“Using Language Models to Identify Vulnerable Code: An Experiment with Zero-Shot and Few-Shot Learning”
The world of artificial intelligence has witnessed yet another breakthrough in the field of programming, as OpenAI has released a new API for generating Python code. The new API uses the model "gpt-3.5-turbo", but users can adjust the model to "gpt-4" or "gpt-4-32k" as per their requirements.
The Python code generation can be done by providing a parameter to the API like this:
{
"model": "gpt-3.5-turbo",
"messages": [{"role": "user", "content": inputQuestion}],
"max_tokens": 4000,
"temperature": 0.7
}
Here, ‘max_tokens’ can be adjusted as needed, and ‘temperature’ can be calibrated for more accuracy. For instance, a lower temperature such as 0.2 can be used for more deterministic output.
Starting with a zero-shot baseline run, OpenAI conducted several experiments, adding complexity to the prompt using strategies such as few-shot in-context learning. The AI was prompted to identify vulnerable code without mentioning which Common Weakness Enumeration (CWE) it might be looking for.

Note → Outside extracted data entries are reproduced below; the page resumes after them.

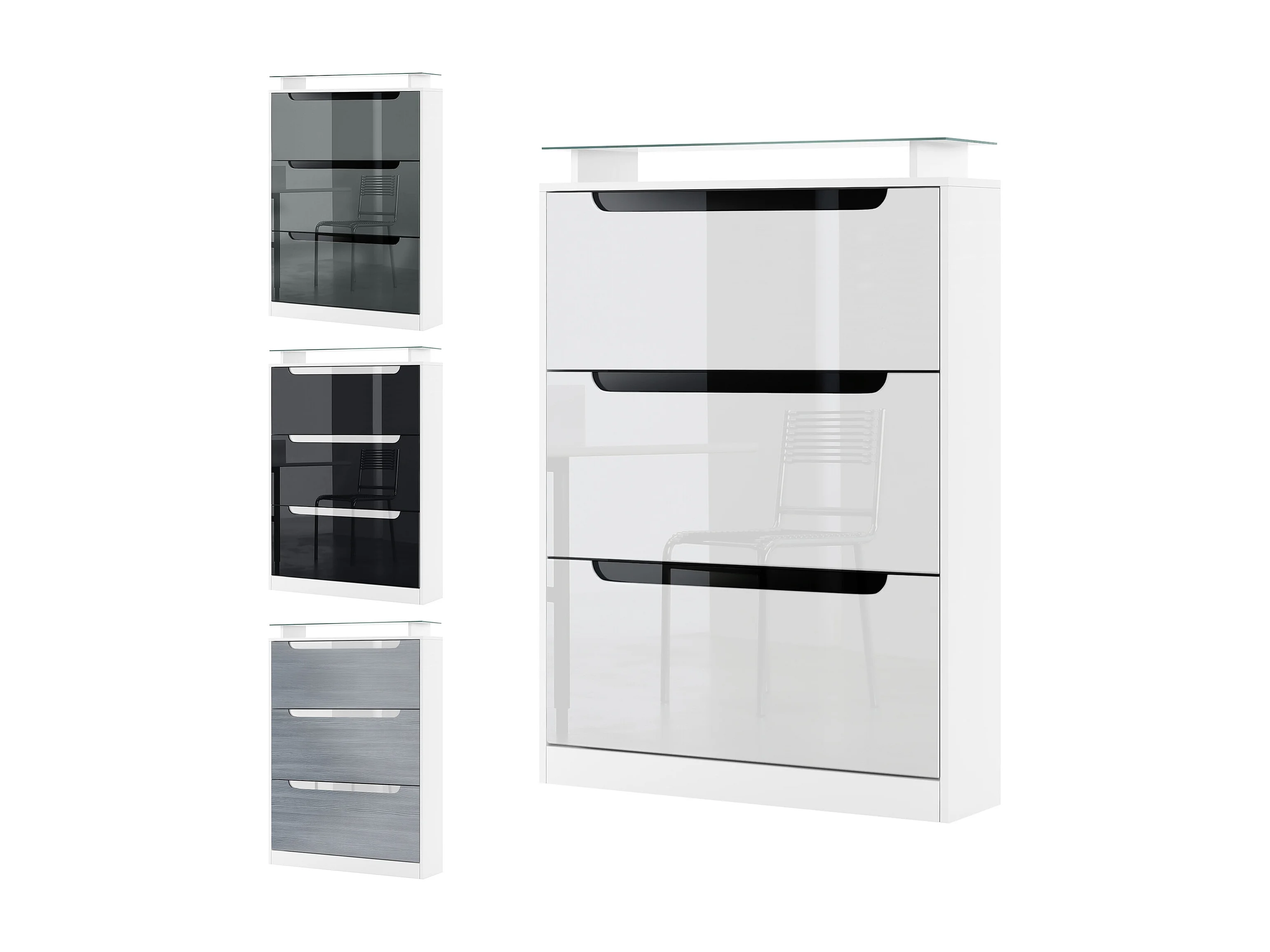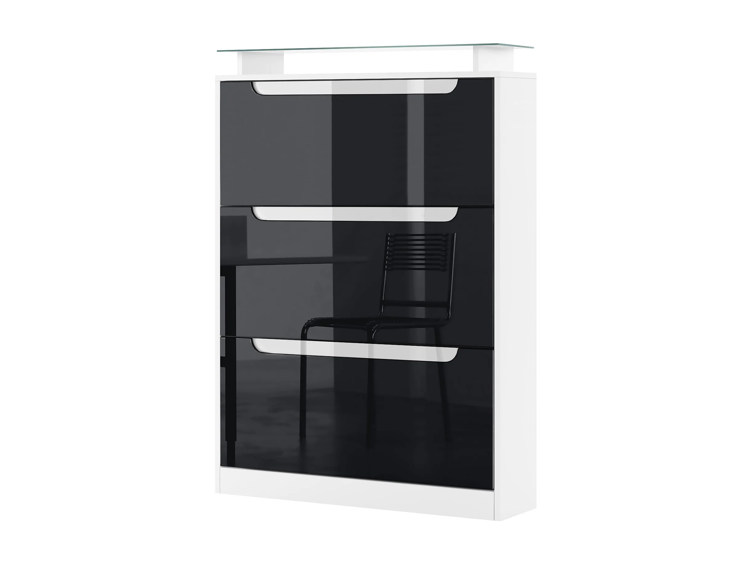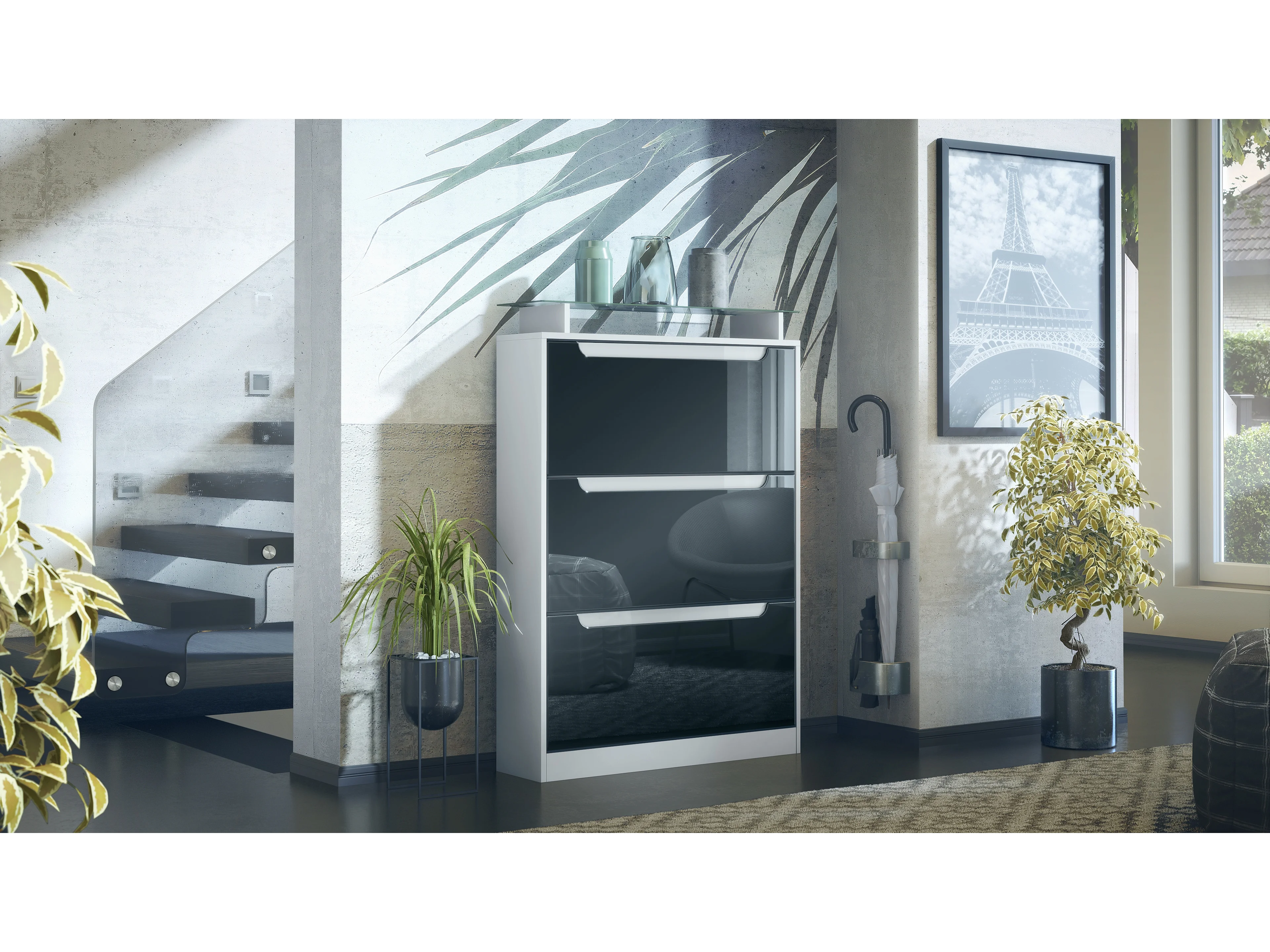 Meuble à chaussures Space, basculant pour 24 paires de chaussures avec 3 clapets et étagère en verre, Blanc mat/Noir haute brillance (89 x 128 x 23 cm)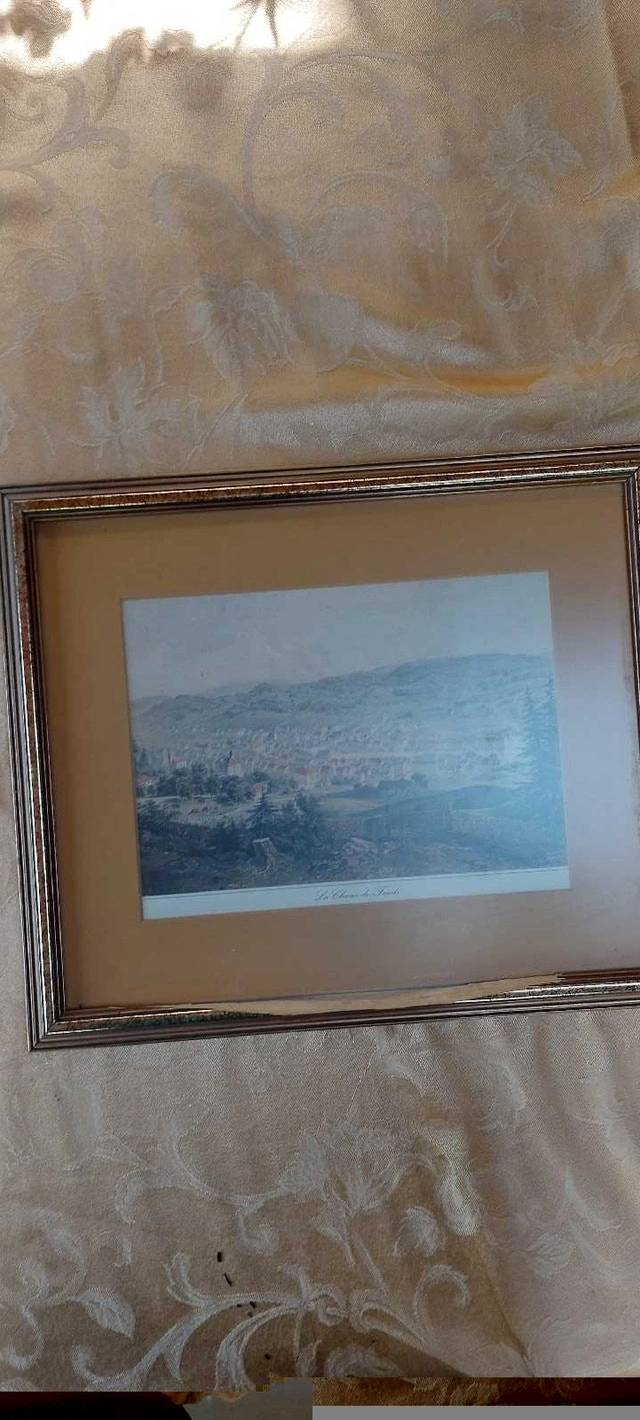 "This Little Pony" "The Three Bears" 11 X 18.5 picture of a lady in black and white 11 X 13 picture of La Chaux-de -Fonds (frame needs repair)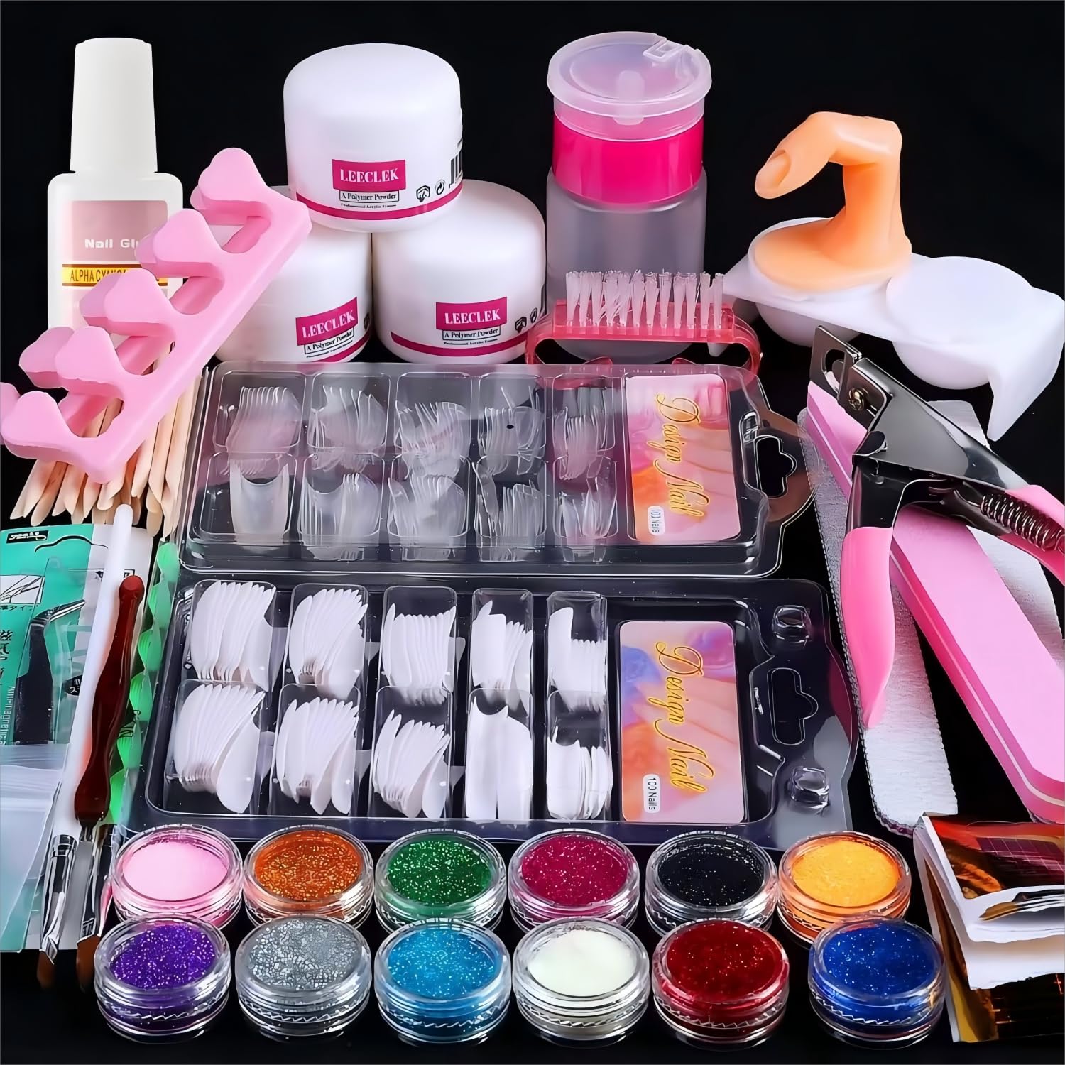Muchos kits traen varios polvos acrílicos de colores, purpurinas y decoraciones.
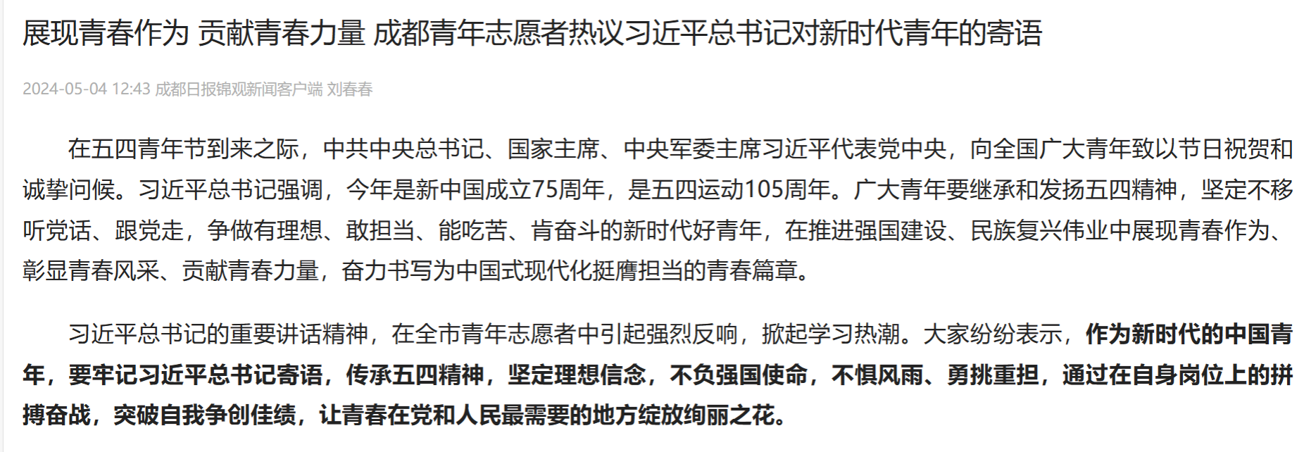 【媒体视角-锦观新闻】展现青春作为 贡献青春力量 成都青年志愿者热议习近平总书记对新时代青年的寄语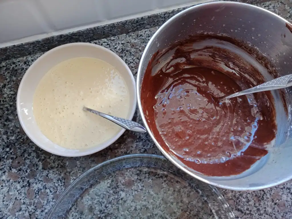 2. kekte kakaolu harç beyaz harca göre bir tık daha koyu oldu buda kakaolu kısmı dibe çöktürdü.Yani böyle düşündüm.
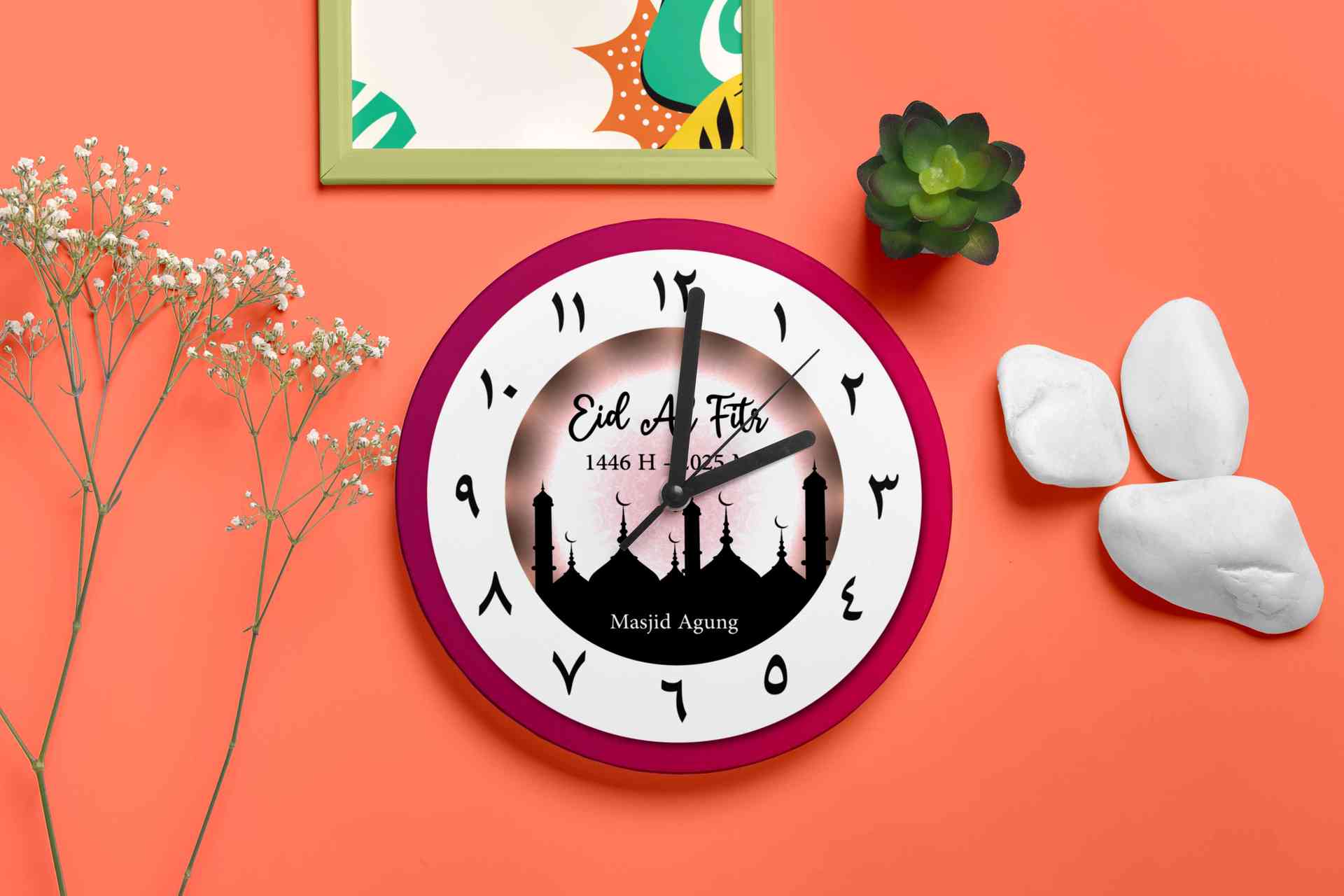 Jam ini mengusung desain Islami dengan tema Idul Fitri, menggunakan angka Arab klasik yang memperkuat identitas budaya Islam. Latar belakang memiliki...

In the zero-shot prompt, the model is asked to make a prediction without any example or additional information. The prompt is inspired by a certain paper and includes a role, a code delimiter, and a request to output only in JSON format. The AI was also instructed to ‘think step-by-step’. The code snippet to be tested was inserted into {code}.
The results were impressive, with an accuracy of 0.67, precision of 0.60, recall of 0.86, and an F1 score of 0.71.
In the next experiment, OpenAI incorporated the concept of in-context or ‘few-shot’ learning. A few successful code-answer examples were included before asking the AI to perform the same operation on the unseen code.
The results further improved, with an accuracy of 0.76, precision of 0.71, recall of 0.81, and an F1 score of 0.76.
For the next experiment, OpenAI used KNN-based few-shot example selection, a technique described in a Microsoft blog post. The prompt template did not change from the second experiment. This experiment yielded an accuracy of 0.73, precision of 0.70, recall of 0.76, and an F1 score of 0.73.
In a variation of the prompt, the AI was asked to provide a fixed version of the code if a CWE was found. This approach led to an accuracy of 0.80, precision of 0.73, recall of 0.90, and an F1 score of 0.81.
This innovative AI tool from OpenAI has shown promising results for Python code generation. However, more investigations are required to test different models, datasets, and prompts. If you’re interested in exploring this tool, you can check out the pull request in OpenAI’s Cookbook on GitHub.